That's great advice and has made me feel much more at ease about getting around once we do take the plunge and buy something.

I hadn't really thought about buying between Pescara and Rome but of course that will make getting flights much easier. A brilliant suggestion! I think I'd got a bit fixated about getting to and from Pescara and become quite blinkered.

Sorry to hear your husband isn't well. I wish him a speedy recovery. I am indeed in Essex, so perhaps I'll PM you when I've got enough posts and pick your brain a bit further, if that's OK.

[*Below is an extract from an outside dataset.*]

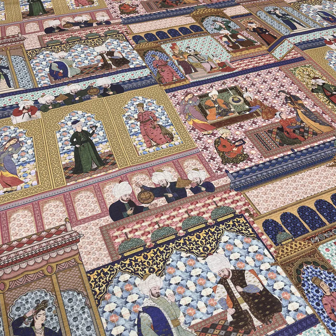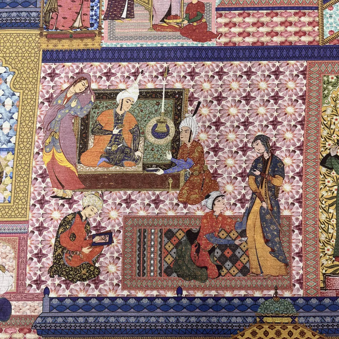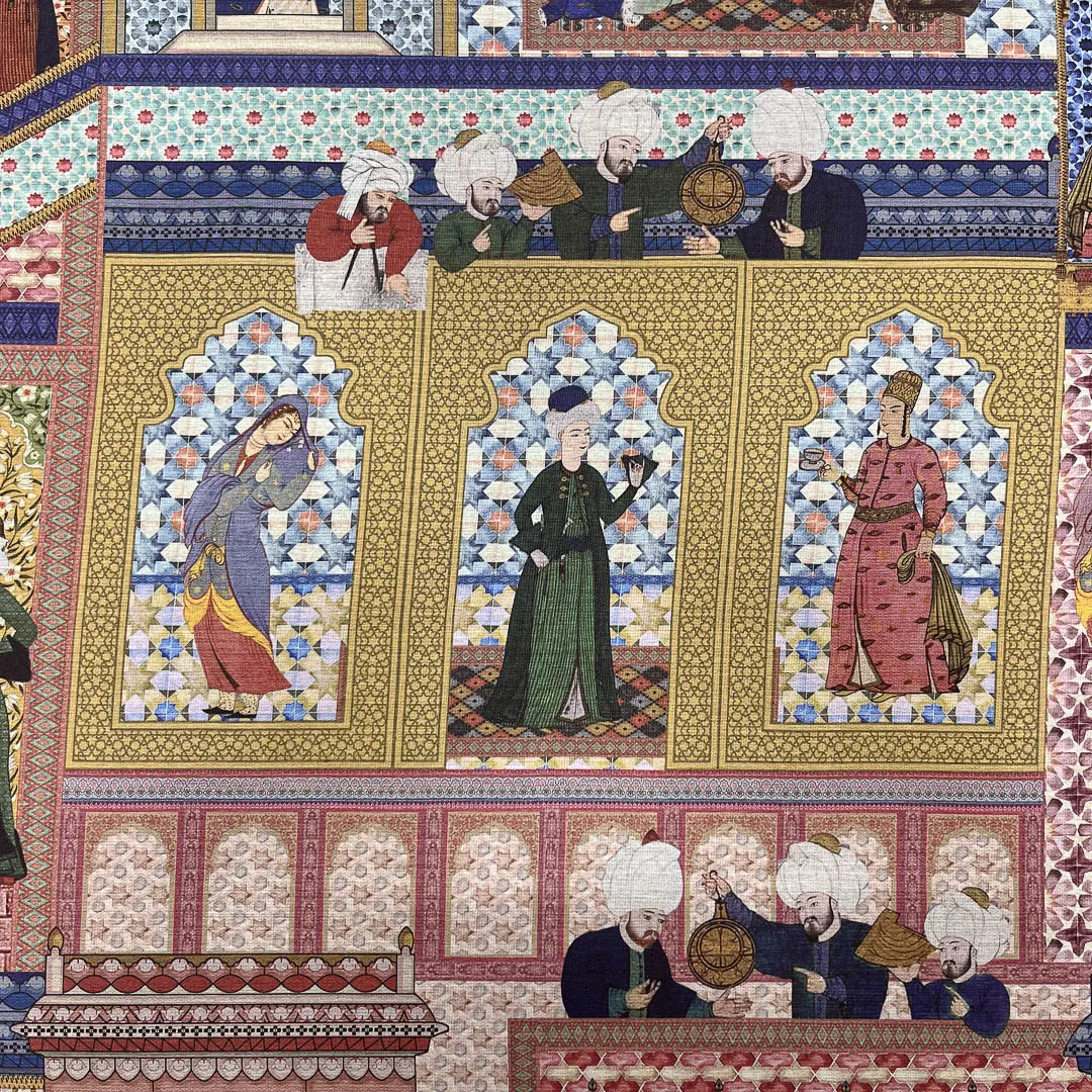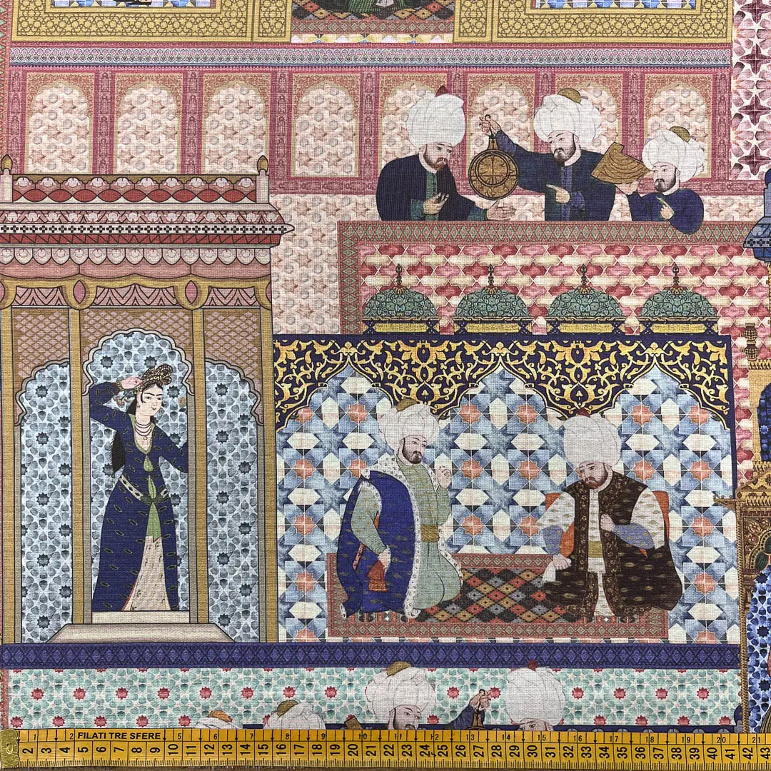 La fantasia si ispira all’arte islamica, caratterizzata da architetture con archi a ferro di cavallo e raffinati motivi geometrici. Il disegno è arricchito da figure umane in abiti tradizionali e copricapi, immerse in scene di vita quotidiana, come conversazioni, momenti di riposo e attività artigianali. I colori vivaci e i dettagli decorativi donano al tessuto un fascino unico, creando un’atmosfera ricca e suggestiva.

Many thanks for your advice, it's much appreciated. Have a great time in Italy, I wish I was still there!


----------



## bunty16 (Sep 26, 2009)

Loughton Lass said:


> That's great advice and has made me feel much more at ease about getting around once we do take the plunge and buy something.
> 
> I hadn't really thought about buying between Pescara and Rome but of course that will make getting flights much easier. A brilliant suggestion! I think I'd got a bit fixated about getting to and from Pescara and become quite blinkered.
> 
> ...


Hi from sunny Italy, I am at the local commune making use of their free internet service! glad to be of help, I heard on my journey here that ryanair have pulled out of belfast, if they can do that, they can easily pull out of Pescara, so another reason to locate nearer to Rome as stated before. The bus fares in the Laquila region has just gone up on the 1st September, but still reasonable. It would be good to talk or e-mail when you have sufficient posts (will this one help?) anyway I am off now back to my cassa, had a great evening last night, invited to a party for the ladies in our village, a good opportunity to practice my italian, I am not doing too bad, but struggle when people talk quickly, I need time to absorb what they say, but I tell them 'piano, piano' (slowly, slowly) and when conversation broken down can understand a few words and then I attempt to reply, It makes me quite tired, so sometimes tempted to be lazy and latch on to the people who speak some english (few and far between in Abbruzzo)Keep me posted, Jean.


----------